This time, there's no talk of staying put for a while. They rest in shifts, Beth sleeping in a back bedroom, empty except for a spare metal bed in the corner. Daryl keeps watch, sitting with his back to the front door, nailed shut behind him.
Beth's belly aches all night, and she stares at the bedroom ceiling, wondering if the preserves were too old. Wondering how long they can count on finding food other people neglected to take along. Wondering how long it'll be until one of them catches a parasite from creek water, or steps on a rusty nail, or falls through rotting floorboards, or encounters any of the thousands of things that could go disastrously wrong.
When the sun rises, steaming the dew off the leaves, they are already packed and leaving the farmhouse behind, disappearing into the silent woods.
They don't take chances anymore.
Beth pulls the fur from a rabbit she's caught, splits its skin and yanks the pelt over its head like a sweater. It's almost amusing, the skinny little naked dead rabbit, staring up at her. Blood and tufts of hair stick to her hands. She can't find it in her to feel more than a twinge of sadness for the rabbit; she's too hungry. A few feet from her, Daryl is skinning his own rabbit.

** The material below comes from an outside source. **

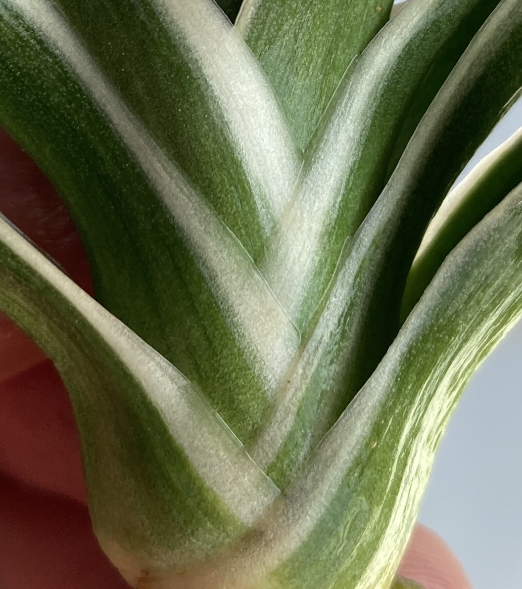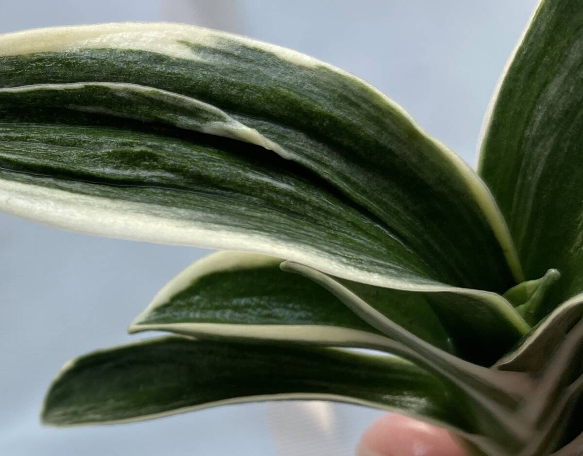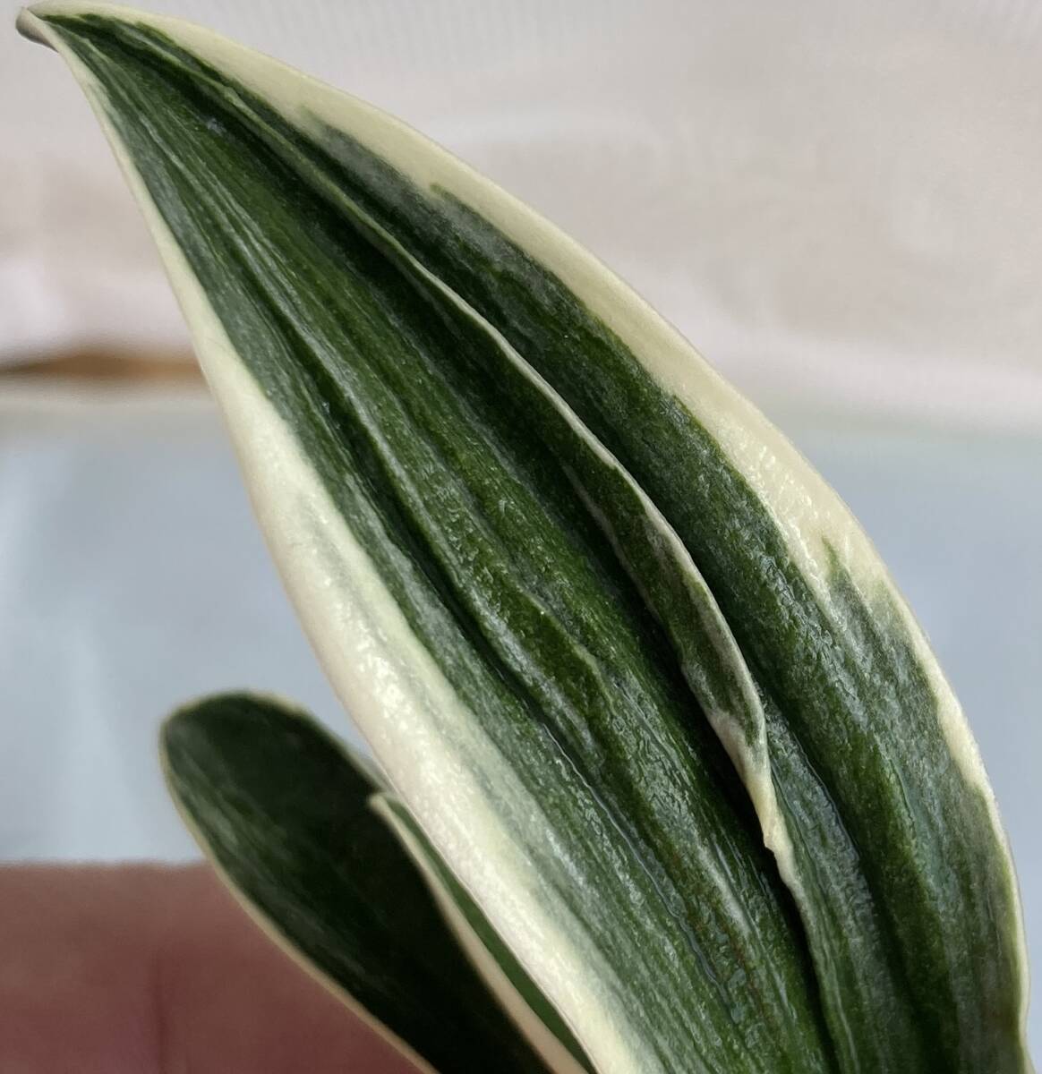 万年青の名品、八紘錦です。いわゆる育てやすい入門品種としては、間違いなくトップクラスの芸を出します。是非、インターネットで調べてみてください。最近の高級品種にも負けない芸です。

There are moments when Beth thinks that she must have died somewhere along the way because the woman she is now feels so unlike the girl she once was. Before. Long ago, now. That girl would have cried and turned away from the ugliness. From the sad and discomfiting truth that survival often requires taking something from someone else.
But Beth has become oddly comfortable with the idea. Things being what they are, she doesn't see she has much of a choice.
"We should figure out how to tan the pelts," Beth muses, stroking the rabbit's soft fur. She thinks of the oncoming winter, of living outside. Georgia is hardly the tundra, but the thought of spending another winter sleeping on the ground makes her apprehensive. "Do you know how?"
"Mm," Daryl grunts in response, flopping his rabbit's pelt so that it lands with a fleshy slap in the dirt beside hers.
"What's that mean?" Beth asks, eyeing him. "Yes, no, maybe?"
"Gotta be settled down someplace for that," he says with a shake of his head. "You need a shed, equipment, space for the pelts to cure." He pauses, wiping his bloody hands off on the thighs of his ragged pants. "We oughta find a town."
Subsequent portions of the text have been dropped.